__Task prompt__
Each line below is to be repeated exactly; any picture is to be left out.

__Data extract__
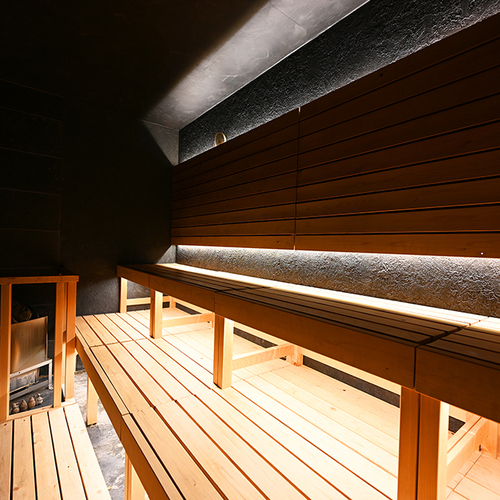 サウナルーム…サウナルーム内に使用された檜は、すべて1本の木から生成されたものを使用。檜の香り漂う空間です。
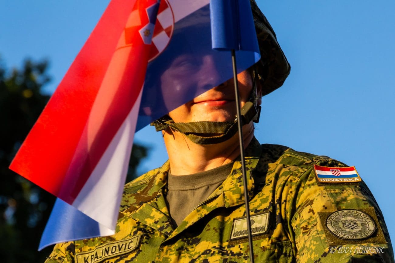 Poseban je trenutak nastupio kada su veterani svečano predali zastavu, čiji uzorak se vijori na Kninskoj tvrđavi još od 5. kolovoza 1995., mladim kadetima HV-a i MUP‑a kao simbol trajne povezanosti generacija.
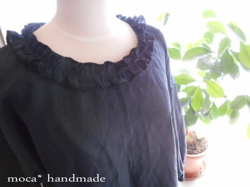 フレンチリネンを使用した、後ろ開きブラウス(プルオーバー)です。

__Written solution__
 サウナルーム…サウナルーム内に使用された檜は、すべて1本の木から生成されたものを使用。檜の香り漂う空間です。
 Poseban je trenutak nastupio kada su veterani svečano predali zastavu, čiji uzorak se vijori na Kninskoj tvrđavi još od 5. kolovoza 1995., mladim kadetima HV-a i MUP‑a kao simbol trajne povezanosti generacija.
 フレンチリネンを使用した、後ろ開きブラウス(プルオーバー)です。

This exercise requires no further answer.